Let $H(n,p)$ be a $r$-uniform random hypergraph on $n$ vertices, with vertex set $V$ and edge set $E$. Let $E' \subset E$ be a set of edges with some known characteristics, and $V' = V \setminus \{u_i: u_i \text{ is a vertex of } e, e \in E'\}$.
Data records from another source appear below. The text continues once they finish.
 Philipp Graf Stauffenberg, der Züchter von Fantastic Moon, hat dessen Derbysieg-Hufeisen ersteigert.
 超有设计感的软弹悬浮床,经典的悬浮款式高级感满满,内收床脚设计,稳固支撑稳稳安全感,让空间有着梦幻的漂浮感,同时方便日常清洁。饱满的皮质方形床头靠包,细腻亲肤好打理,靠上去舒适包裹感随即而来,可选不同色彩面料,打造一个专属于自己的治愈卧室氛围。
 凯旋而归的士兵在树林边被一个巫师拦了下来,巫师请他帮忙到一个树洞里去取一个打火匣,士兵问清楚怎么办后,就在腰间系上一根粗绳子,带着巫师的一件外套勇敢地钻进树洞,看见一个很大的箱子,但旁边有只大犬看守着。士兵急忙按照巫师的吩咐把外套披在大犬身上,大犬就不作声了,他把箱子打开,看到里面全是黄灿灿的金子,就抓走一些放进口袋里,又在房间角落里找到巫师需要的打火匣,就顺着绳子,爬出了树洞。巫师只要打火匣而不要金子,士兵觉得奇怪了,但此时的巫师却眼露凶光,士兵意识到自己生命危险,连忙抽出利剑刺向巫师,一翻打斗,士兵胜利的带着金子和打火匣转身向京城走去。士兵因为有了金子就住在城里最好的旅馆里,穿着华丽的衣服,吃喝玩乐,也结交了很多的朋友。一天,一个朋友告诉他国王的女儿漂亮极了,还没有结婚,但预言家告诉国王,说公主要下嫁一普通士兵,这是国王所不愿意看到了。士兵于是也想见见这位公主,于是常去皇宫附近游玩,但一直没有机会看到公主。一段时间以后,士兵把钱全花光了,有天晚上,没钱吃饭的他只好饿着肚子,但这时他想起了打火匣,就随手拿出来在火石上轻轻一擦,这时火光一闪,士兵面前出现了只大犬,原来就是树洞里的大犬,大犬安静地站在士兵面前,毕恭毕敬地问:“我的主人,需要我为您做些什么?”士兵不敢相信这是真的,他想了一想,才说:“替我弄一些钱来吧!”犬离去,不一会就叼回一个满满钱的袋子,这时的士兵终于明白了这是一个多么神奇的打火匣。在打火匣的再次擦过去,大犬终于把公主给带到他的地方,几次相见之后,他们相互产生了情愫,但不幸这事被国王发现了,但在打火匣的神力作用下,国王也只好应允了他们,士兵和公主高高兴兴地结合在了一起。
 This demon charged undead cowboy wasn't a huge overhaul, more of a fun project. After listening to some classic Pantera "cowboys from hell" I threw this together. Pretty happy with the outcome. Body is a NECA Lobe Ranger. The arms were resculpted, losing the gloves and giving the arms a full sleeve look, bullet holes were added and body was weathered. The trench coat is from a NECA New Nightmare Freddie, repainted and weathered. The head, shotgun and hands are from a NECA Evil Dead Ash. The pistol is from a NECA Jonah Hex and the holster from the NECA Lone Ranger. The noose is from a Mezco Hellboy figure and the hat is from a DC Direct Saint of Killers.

I have several questions about this:
- My note says that $$|V'| = \sum_{v \in V} 1_{\{v \in V'\}}, \text{ and } \mathbb{E}\left[ 1_{\{v \in V'\}} \right] = \mathbb{P}(v \in V') = (1 - p)^{\text{deg}(v)}.$$ But if we know deg$(v)$, shouldn't we already know the exact value of $1_{\{v \in V'\}}$, and hence do not need to estimate it by its expected value?
- Say we accept this line of reasoning, wouldn't a more appropriate statmement be $$\mathbb{P}(v \in V') \leq (1 - p)^{\text{deg}(v)},$$ with equality achieved if all edges adjacent to $v$ are in $E'$?
- Regardless of the above, why can't I get $\mathbb{P}(v \in V')$ in the following way? \begin{align} & \mathbb{P}(v \in \{u_i: u_i \text{ is a vertex of } e, e \in E'\}) = p^{\text{deg}(v)} \\ \Rightarrow & \ \mathbb{P}(v \in V') = \mathbb{P}(v \notin \{u_i: u_i \text{ is a vertex of } e, e \in E'\}) = 1 - p^{\text{deg}(v)}.\end{align}
Edit: Please have a look at slides 33 and 37 for the context of the question, if necessary.